Their forefathers had paid their tithes in wheat. Now they obtained but one harvest in three and even then the grain rotted after harvesting. The people who lived there were described as ‘so badly fed they are dark and wretched and seem only half alive’.
Do they know that Alpine villagers had to live on bread made from ground nutshells?
Do they even care?
These are all contemporary accounts of the time, published by the historian Brian Fagan in his book, The Little Ice Age.
Sörlin’s lack of knowledge is startling by any measure. If he had done some homework, he would have known that many of today’s glaciers in Switzerland did not even exist in Roman times. We know that because there are the remains of trees appearing as the glaciers melt – these trees were growing there 2,000 or more years ago, according to carbon dating.
The shallowness of Sörlin and his ilk appal me, along with their naivety in believing that climate never changed in the past.
Net Zero by the back door
Last week I wrote about how Kemi Badenoch’s plans to scrap Net Zero might be thwarted by the green blob in her own party, the Conservative Environment Network, or CEN.
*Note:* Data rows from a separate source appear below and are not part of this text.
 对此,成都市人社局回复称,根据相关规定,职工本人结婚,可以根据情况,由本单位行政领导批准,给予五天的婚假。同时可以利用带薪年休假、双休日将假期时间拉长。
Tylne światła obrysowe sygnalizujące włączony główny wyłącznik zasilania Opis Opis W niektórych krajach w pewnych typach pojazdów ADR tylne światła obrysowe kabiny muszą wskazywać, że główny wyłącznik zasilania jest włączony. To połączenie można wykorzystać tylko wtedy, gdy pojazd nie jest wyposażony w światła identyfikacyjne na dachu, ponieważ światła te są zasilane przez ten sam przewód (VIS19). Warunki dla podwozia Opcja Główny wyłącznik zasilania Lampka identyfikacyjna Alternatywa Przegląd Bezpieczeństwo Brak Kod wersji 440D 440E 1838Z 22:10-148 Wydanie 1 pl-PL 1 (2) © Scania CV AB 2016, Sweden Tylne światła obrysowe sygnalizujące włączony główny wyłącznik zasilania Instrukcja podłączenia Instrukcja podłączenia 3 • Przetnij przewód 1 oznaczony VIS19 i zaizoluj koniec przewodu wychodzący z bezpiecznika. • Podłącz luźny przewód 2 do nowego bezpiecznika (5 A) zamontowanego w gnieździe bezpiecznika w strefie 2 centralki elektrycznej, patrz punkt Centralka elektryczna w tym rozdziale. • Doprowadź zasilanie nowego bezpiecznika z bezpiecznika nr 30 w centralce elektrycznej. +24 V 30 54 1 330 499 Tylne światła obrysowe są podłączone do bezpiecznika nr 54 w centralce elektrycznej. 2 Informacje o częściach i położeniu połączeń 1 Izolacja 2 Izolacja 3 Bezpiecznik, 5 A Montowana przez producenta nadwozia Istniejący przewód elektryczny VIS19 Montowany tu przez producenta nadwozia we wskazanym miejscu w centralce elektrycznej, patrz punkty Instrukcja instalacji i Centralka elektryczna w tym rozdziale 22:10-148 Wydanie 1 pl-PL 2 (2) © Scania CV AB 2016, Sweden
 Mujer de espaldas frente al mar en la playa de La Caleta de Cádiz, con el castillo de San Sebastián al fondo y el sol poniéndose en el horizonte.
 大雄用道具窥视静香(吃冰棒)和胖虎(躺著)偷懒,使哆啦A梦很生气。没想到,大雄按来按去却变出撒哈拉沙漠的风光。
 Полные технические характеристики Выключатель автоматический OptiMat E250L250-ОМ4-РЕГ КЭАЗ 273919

We have now learned of the CEN’s response. Writing in Conservative Home, Sam Hall, the director of CEN, could not have made it clearer: ‘It was welcome to see the party today recommitting to tackling climate change, and acknowledging that handing on a cleaner environment to future generations is a fundamentally conservative mission.
‘Climate change is one of the greatest threats we face to our country’s prosperity and security. If we do nothing, we face ever higher costs from flooding, retreating coastlines, poorer harvests, declining nature and uninsurable assets. It is not something we can simply opt out of. The UK is only a tiny share of global emissions, but we can and should play an outsized role in addressing this challenge through leveraging our strengths in technology and finance.
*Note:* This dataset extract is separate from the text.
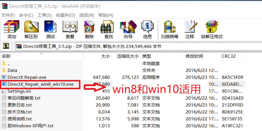 3、接着我们选择合适的修复工具,在弹出的页面中找到DirectX_Repair_win8_win10.exe并双击打开。
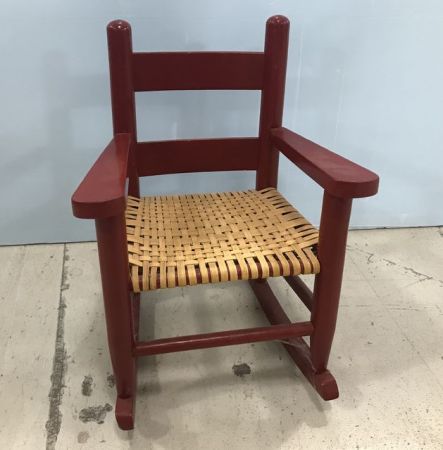 Vintage red painted child's rocker with new cane seat, 21"h. Vintage red painted child's rocker with new cane seat, 21"h.

‘To encourage others to go further and faster, UK climate leadership must not be abandoned but reinvented in a more credible, conservative fashion.’
He goes on to call for Badenoch to quickly come up with ‘a suite of concrete policies on how we will reduce emissions, drive innovation in clean technology, restore nature, and adapt to warmer temperatures’.
All in all, as far as the CEN is concerned, it will be business as usual. While the Climate Change Act itself might be scrapped, a Conservative government will carry on with basically the same policies as Ed Miliband is pursuing.
And as he finishes by saying it will cost us all a fortune:
‘To be taking climate change seriously, we must be willing to bear some proportionate costs now to tackle it for future generations’ sake.’
It remains to be seen how Badenoch will respond to this, although my guess is that her thinking is already closely aligned with Hall’s.
So it looks like under a Conservative government we will still have Net Zero, just not in name.
What about EVs, Kemi?
There is an interesting addendum to all of this. Mike Graham on Talk TV interviewed Matt Vickers, the Conservative Party deputy chairman shortly after Kemi’s speech, and specifically asked whether the 2030 ban on petrol cars would be lifted.
Answer came there none, just a load of waffle. Clearly it is not something that Badenoch has even bothered to think about, despite the fact that it is the number one issue facing the general public as far as Net Zero is concerned.
It is evidence that the supposed U-turn on Net Zero is no more than window dressing and that nothing will actually change in practice. The interesting thing is that Vickers is, you guessed it, a member of the CEN.